The Global Health Summit will include a series of four sessions on Thursday, Aug. 20, discussing such topics as one health, sustainability, and planetary health. They are as follows.

“One Health: What Is It, What Should It Be?” will kick off the summit from noon to 12:25 p.m. EDT, led by John Gittleman, PhD, who is the dean and a professor of ecology at the University of Georgia Odum School of Ecology. He will identify key examples of how the one-health approach is uniquely effective in solving difficult health problems, such as Ebola, West Nile virus, and emerging human diseases; show new forecasting methods to determine the where, when, and pace of emergent pathogens; and generally characterize why this approach, though difficult, is critical to predicting, solving, and finding common ground for health issues. “To advance the field we must expand interdisciplinary databases to rapidly access information on biodiversity, public health and ecosystems and, to be truly successful, widen One Health applications into agricultural, clinical and environmental issues,” the session summary states.

“The Veterinarian’s Role in Sustainable Animal Agriculture,” will take place at 12:25-12:50 p.m. EDT, presented by Dr. Simon Doherty, a veterinary surgeon who is focused on global livestock health. Dr. Doherty will describe how sustainable agriculture and aquaculture impacts and is impacted by key environmental issues such as climate change, pollution, habitat destruction, and the effect of disasters and provide an overview of the development and adoption of the British Veterinary Association’s position statement on sustainable animal agriculture. He will also cover ways the veterinary profession must adapt to be at the forefront of tackling global challenges such as antimicrobial resistance and reducing greenhouse gas emissions while, at the same time, maximizing animal health, animal welfare, and agricultural productivity and minimizing waste, according to the session summary.
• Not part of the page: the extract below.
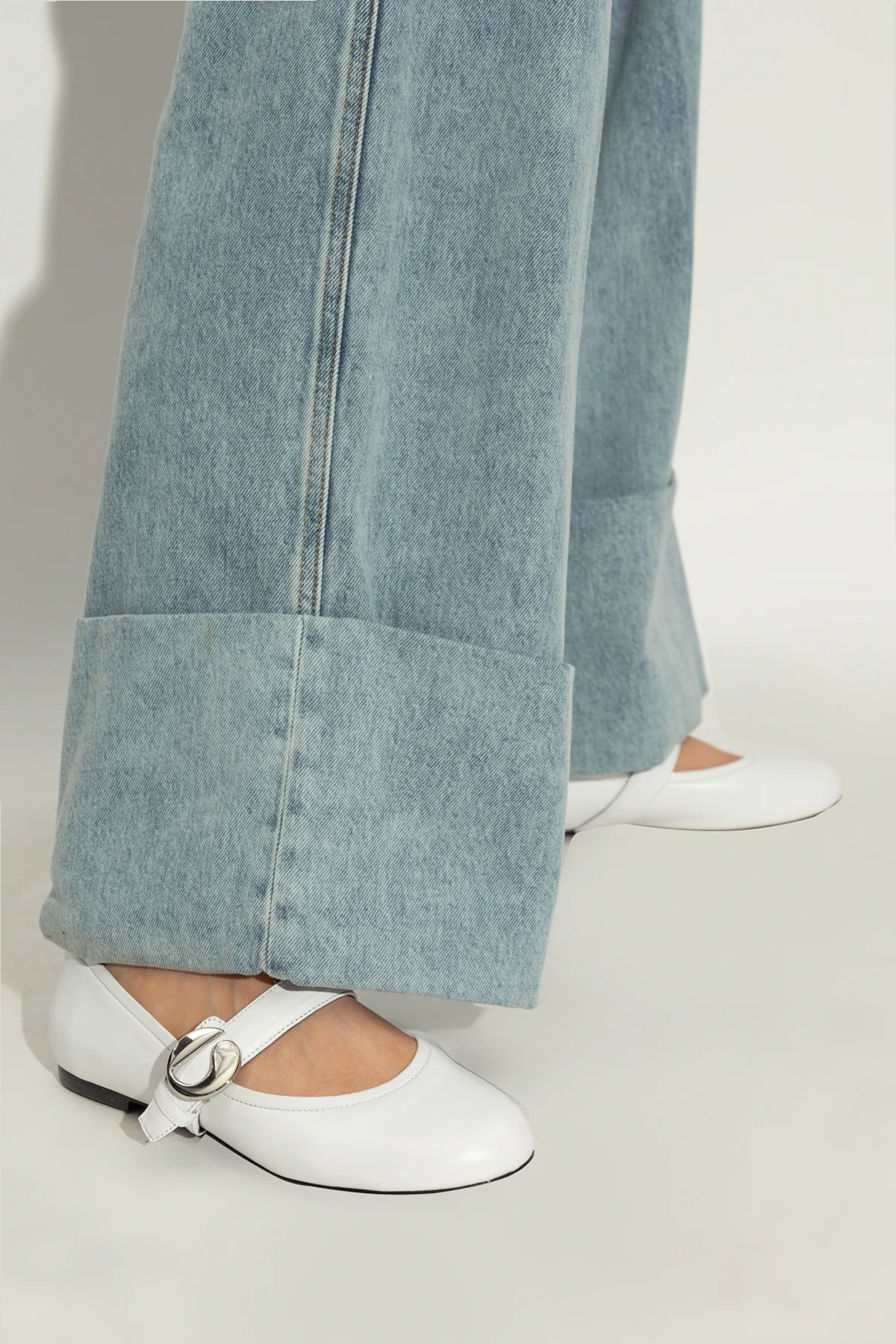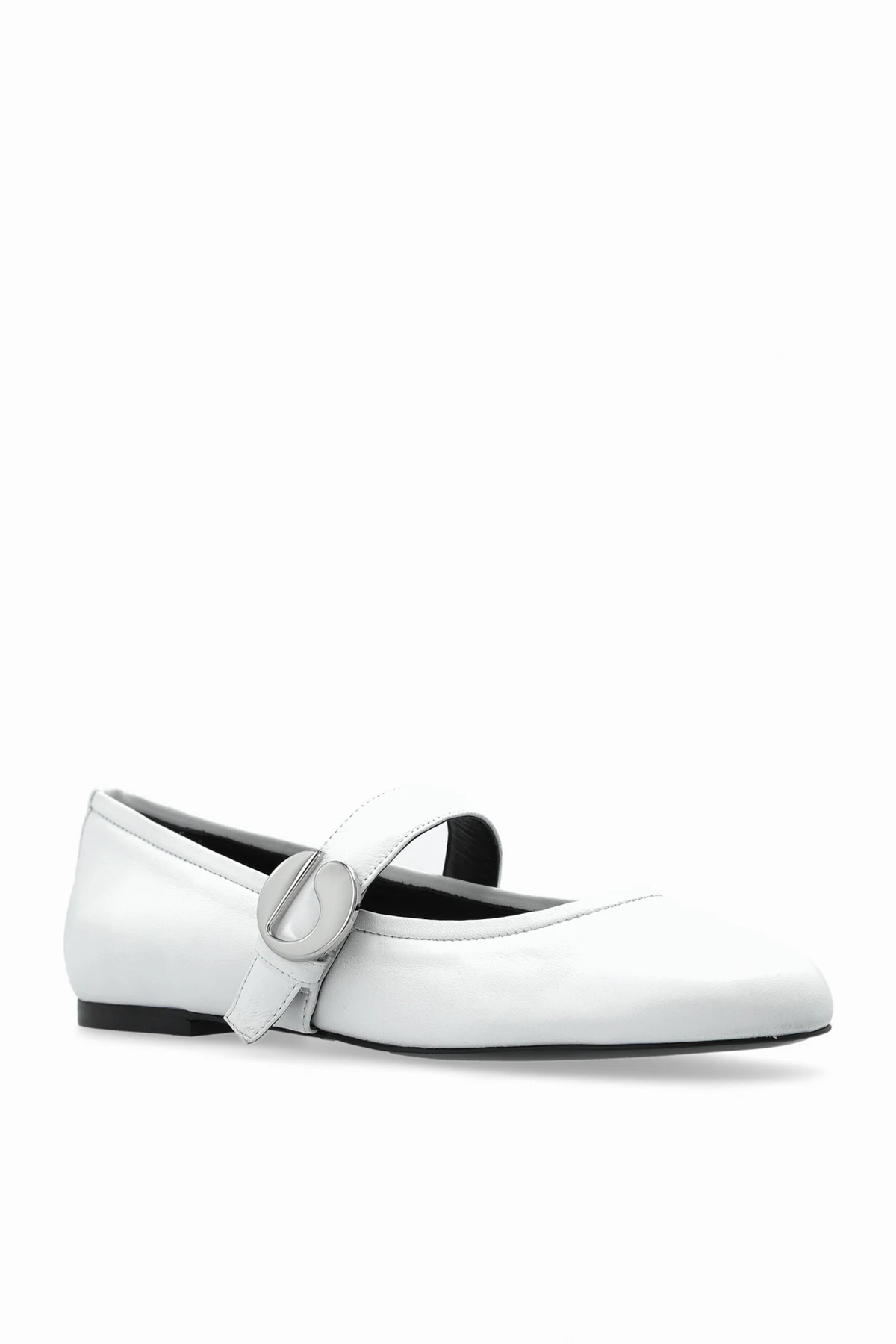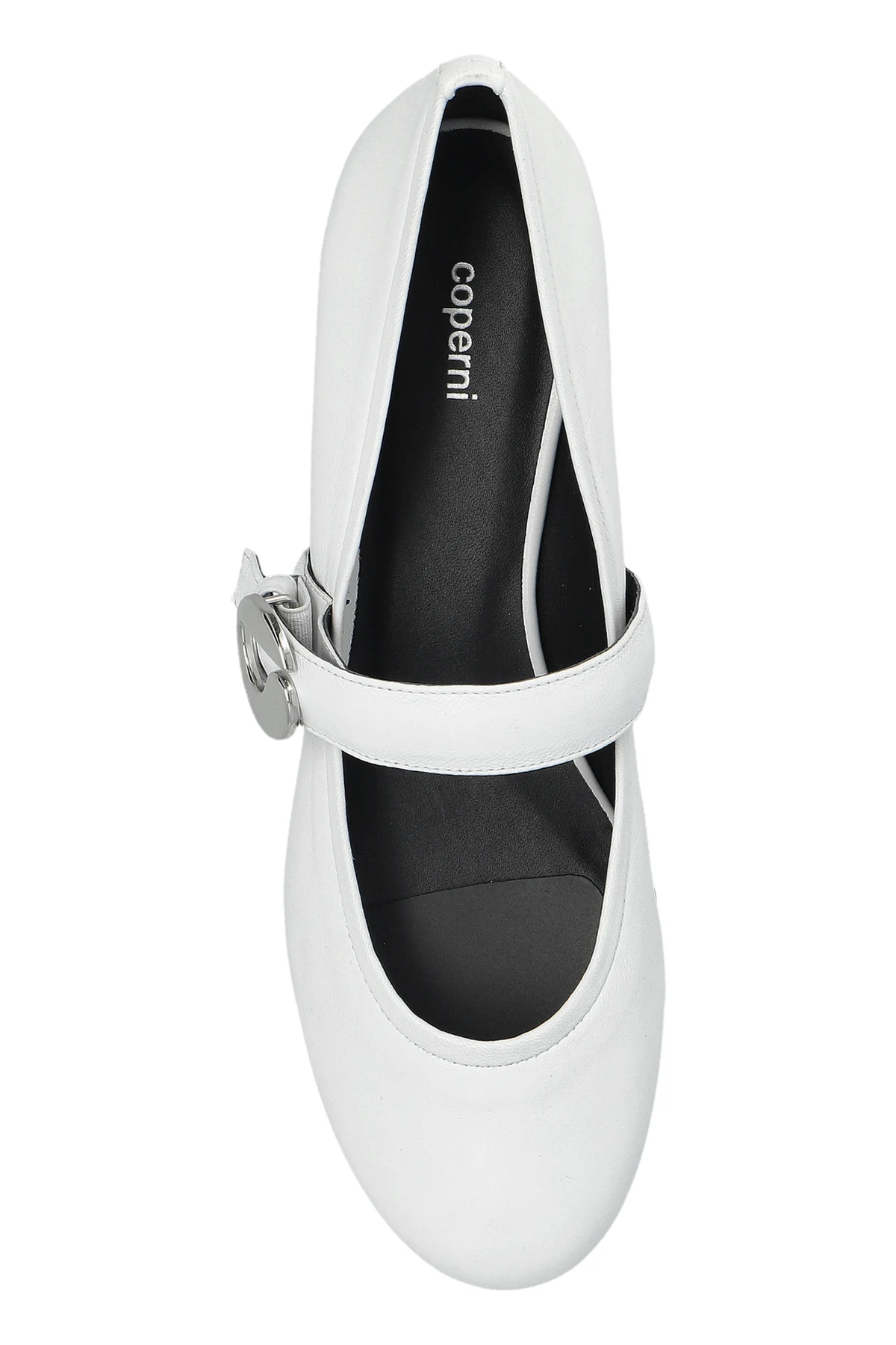 Präsentieren Sie die einzigartigen Lederschuhe aus der exklusiven Kollektion der Marke Coperni . Diese eleganten weißen BALLET FLATS kombinieren klassisches Design mit modernen Akzenten und zeichnen sich durch eine abgerundete Spitze sowie einen dezenten Riemen mit großer, runder Schnalle aus.

“The Truth About Livestock and Methane Emissions,” led by Frank Mitloehner, PhD, will be held from 2:30-2:55 p.m. EDT. Dr. Mitloehner, professor and extension specialist in air quality at the University of California-Davis, will delve into how improvement in efficiencies per animal has considerably reduced the environmental impact per unit of production on livestock operations, even though livestock production has become spatially concentrated in several regions of the industrialized world. Dr. Mitloehner argues that a sustainable future in animal agriculture will require that the output of livestock systems match the capacity of crops and soils to utilize those nutrients or that alternative uses of manure for fuel and energy production be implemented.

“Honeybees: Selecting for Behavioral Resistance to Varroa Destructor,” is the final session from 2:55-3:20 p.m. EDT. Krispn Given, apiculture specialist at Purdue University, will give an overview of successful breeding paradigms and the protocols Purdue has used for over 22 years in its honeybee breeding program. He’ll also talk about a selective phenotypic breeding program to reduce the impact of Varroa destructor mites in honeybee colonies.